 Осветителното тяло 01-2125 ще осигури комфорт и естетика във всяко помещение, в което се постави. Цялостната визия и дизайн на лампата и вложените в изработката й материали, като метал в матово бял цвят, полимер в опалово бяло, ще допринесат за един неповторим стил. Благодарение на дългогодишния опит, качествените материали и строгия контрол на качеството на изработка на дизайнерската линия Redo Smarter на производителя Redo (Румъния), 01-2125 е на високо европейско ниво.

* * *

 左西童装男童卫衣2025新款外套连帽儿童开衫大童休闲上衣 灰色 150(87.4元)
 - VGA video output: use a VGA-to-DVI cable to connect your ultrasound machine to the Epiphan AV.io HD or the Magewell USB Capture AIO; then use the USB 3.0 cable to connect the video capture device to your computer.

- Goal of the exercise -
Would you please write out, exactly and with no other lines, the stretch of the listing above from the line containing "左西童装男童卫衣2025新款外套连帽儿童开衫大童休闲上衣 灰色 150(87.4元)" through the line containing "- VGA video"?

- Task response -
 左西童装男童卫衣2025新款外套连帽儿童开衫大童休闲上衣 灰色 150(87.4元)
 - VGA video output: use a VGA-to-DVI cable to connect your ultrasound machine to the Epiphan AV.io HD or the Magewell USB Capture AIO; then use the USB 3.0 cable to connect the video capture device to your computer.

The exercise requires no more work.